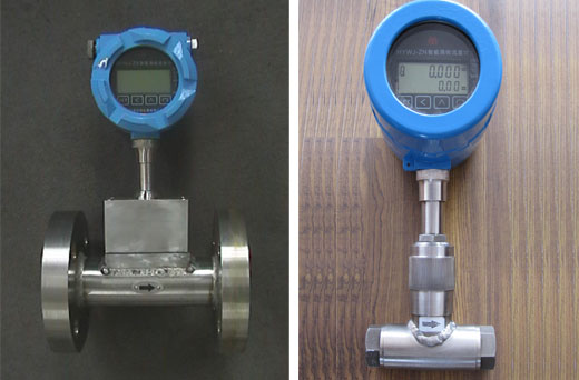 一体式测量低粘度液体时,集涡街流量传感器和显示仪于一体,自带3.6V高能电池或24VDC(通常在需要脉冲信号输出、二线制4~20mADC输出或RS485通讯时采用)供电,就地液晶显示瞬时体积流量(m3/h)和累计体积流量(m3)。
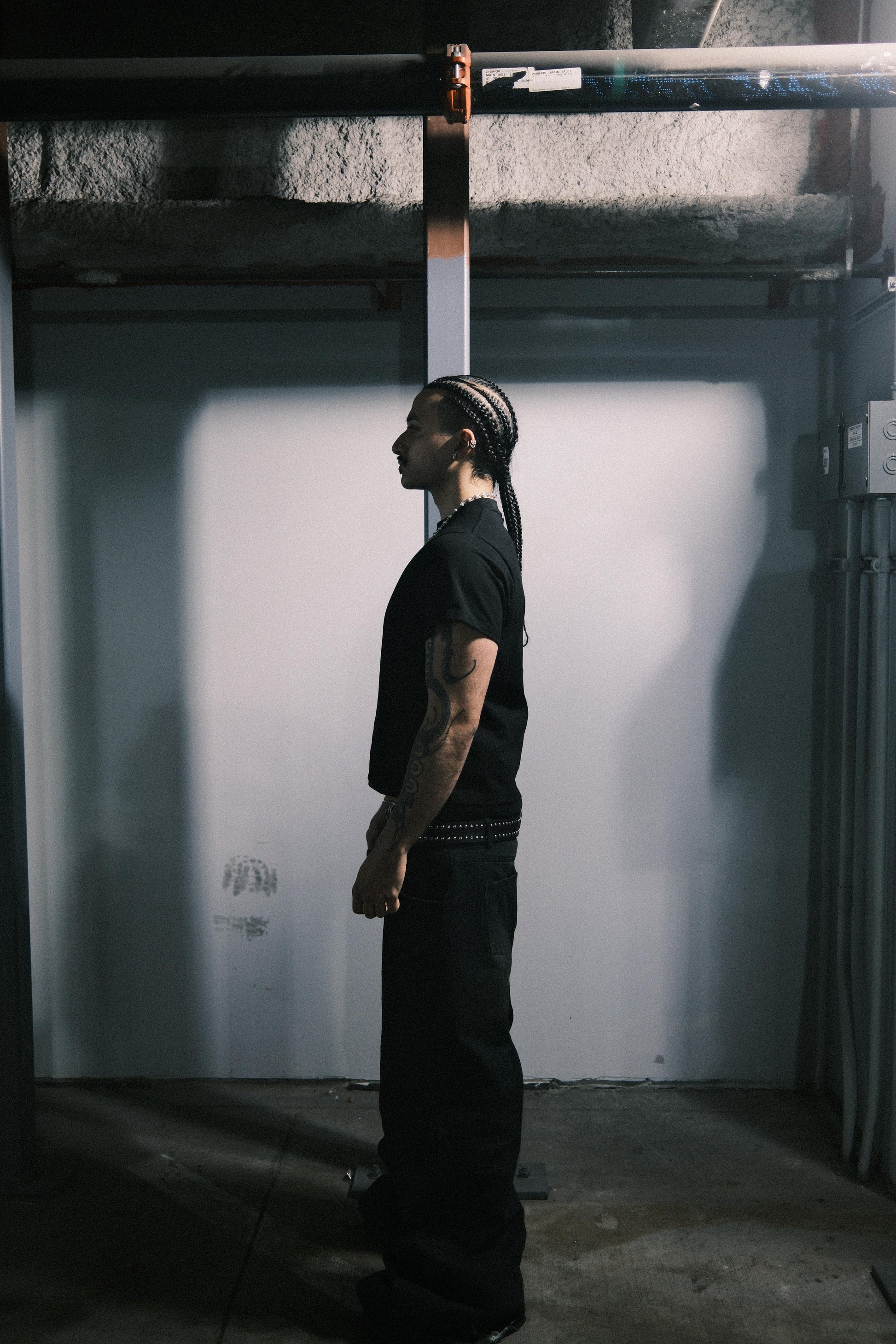 THE SLEEVES ARE SHARPLY ANGLED AND SLIGHTLY POINTED, REFERENCING HAND-ALTERED T-SHIRTS WORN BY ICONIC ROCKSTAR FRONTMEN.
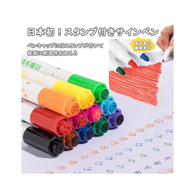 【楽しいインプリント水彩ペン】ペンのキャップには同じ色と異なる形のスタンプがあり、作成後に装飾を追加して、絵をより面白くするために装飾を加える!水性マーカーペンとして、肌や手についても水で洗い流すことができます、子どもが服を汚す心配はもうありません。※スタンプペンのキャップを取り外す際は、手の片側だけを使い、そっと上方に折るだけで簡単に開けることができます!
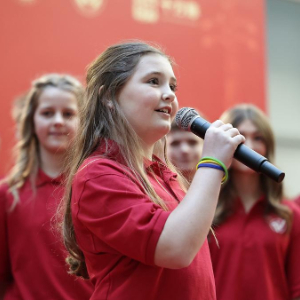 12月31日,美国One Voice儿童合唱团在北京协和医院门诊楼主街上演唱。
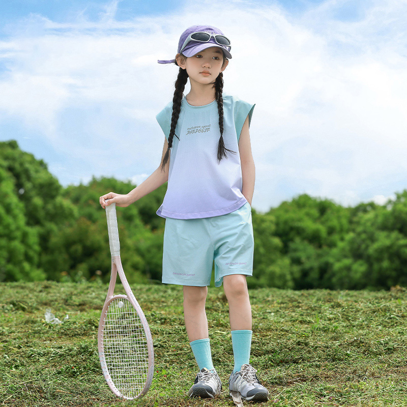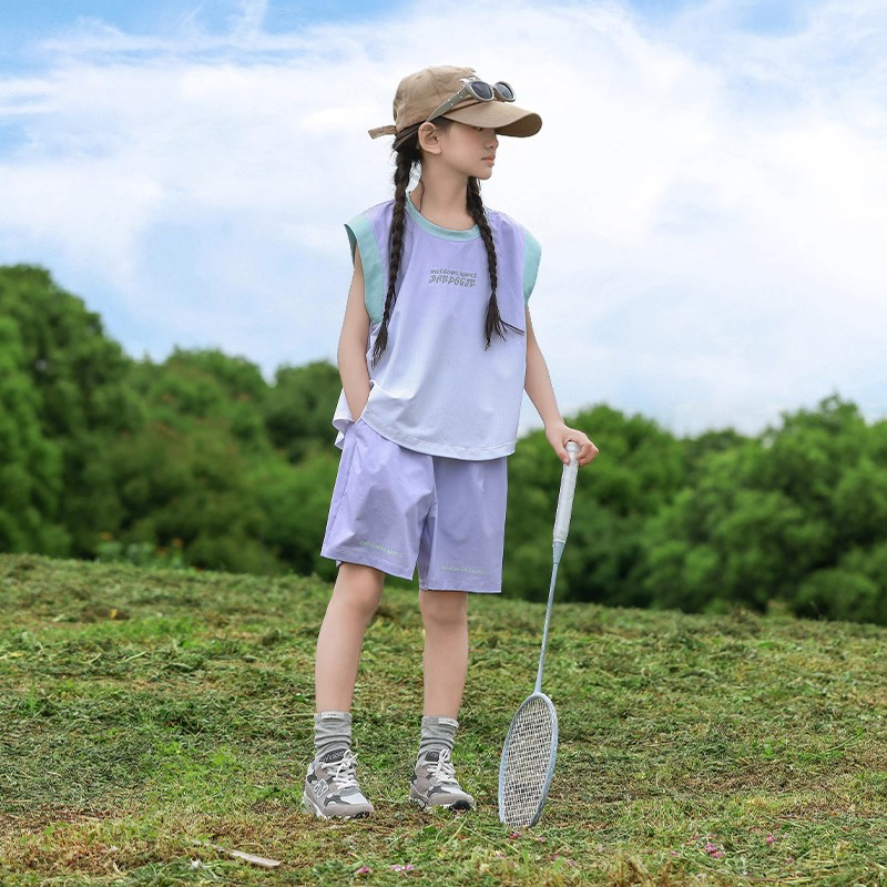 女童亲子速干运动背心套装夏季新款洋气轻薄透气中大童短裤两件套
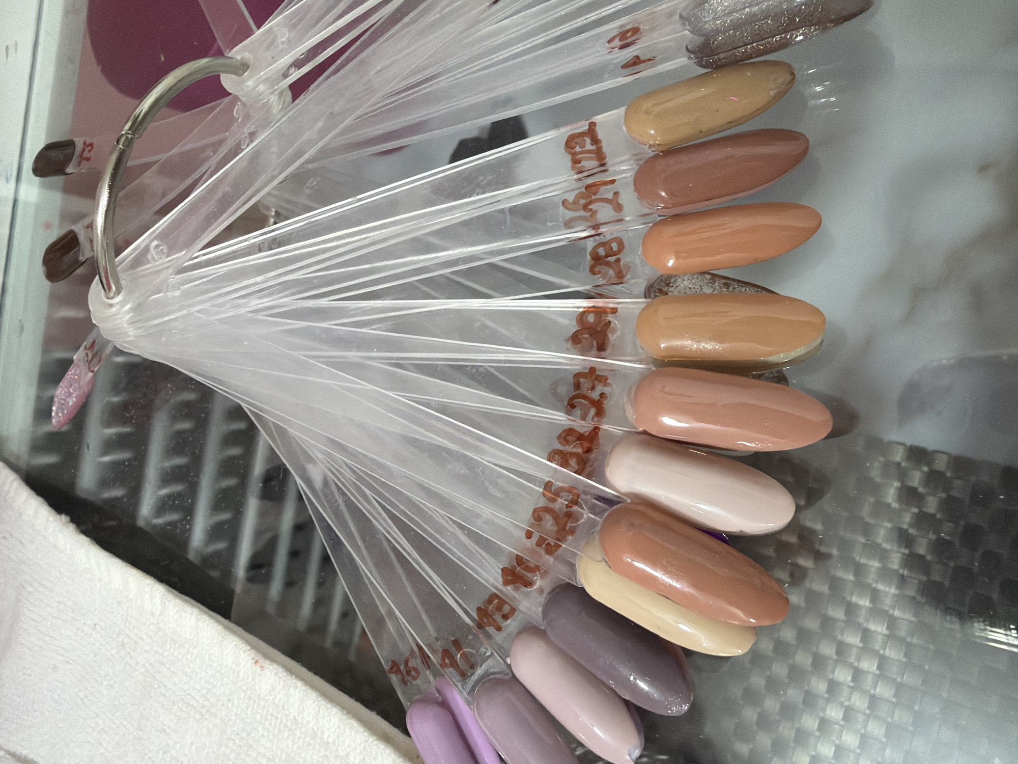 - "The image depicts a close-up view of a fan-shaped nail polish swatch ring, positioned on a patterned, reflective surface in San Andrés Cholula, Mexico" by FM-ZShVZ2, licensed under CC BY 4.0
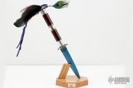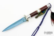 This Dagger by DV Customs features double edged blued Damascus blade, (1095 and 15N20, 480 layers), .209" blade stock and .889" blade depth, hidden tang construction. The handle is comprised of snakewood, brass and aluminum. Comes with a custom oak stand. New from maker. Comes with a COA
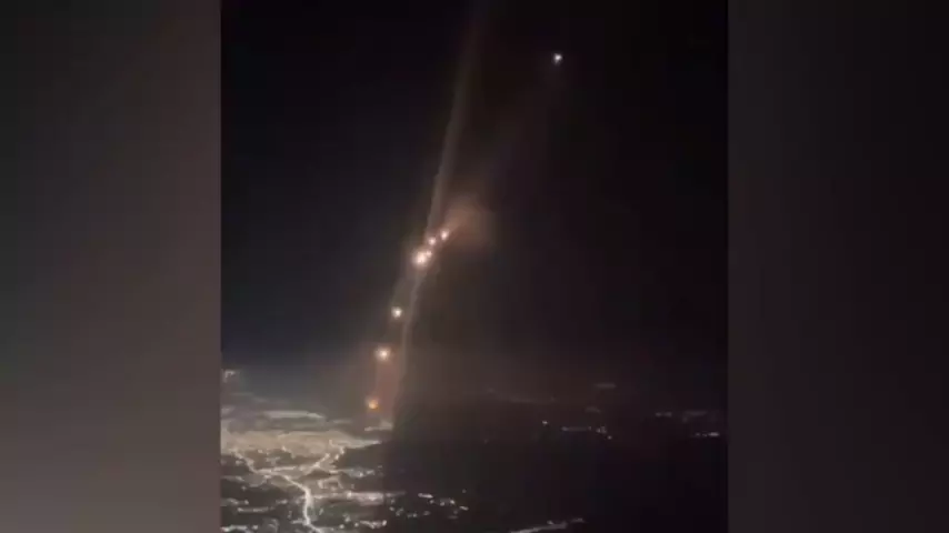 Um passageiro em um voo para o Dubai filmou o lançamento de alguns mísseis balísticos iranianos contra Israe #Israel #viraliza #maisviews #guerra #maisviews
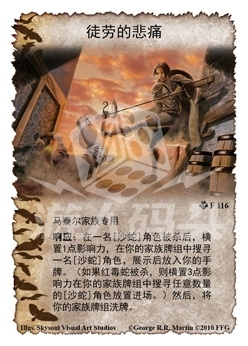 :在一名[沙蛇]角色被杀后,横置1点影响力,在你的家族牌组中搜寻一名[沙蛇]角色,展示后放入你的手牌。(如果红毒蛇被杀,则横置3点影响力在你的家族牌组中搜寻任意数量的[沙蛇]角色放置进场。)然后,将你的家族牌组洗牌。

***

WHAT THE TASK REQUIRES — Copy, word for word, the entries above from the first line to the line that holds "THE SLEEVES ARE". Drop the pictures.

FINISHED TASK —
 一体式测量低粘度液体时,集涡街流量传感器和显示仪于一体,自带3.6V高能电池或24VDC(通常在需要脉冲信号输出、二线制4~20mADC输出或RS485通讯时采用)供电,就地液晶显示瞬时体积流量(m3/h)和累计体积流量(m3)。
 THE SLEEVES ARE SHARPLY ANGLED AND SLIGHTLY POINTED, REFERENCING HAND-ALTERED T-SHIRTS WORN BY ICONIC ROCKSTAR FRONTMEN.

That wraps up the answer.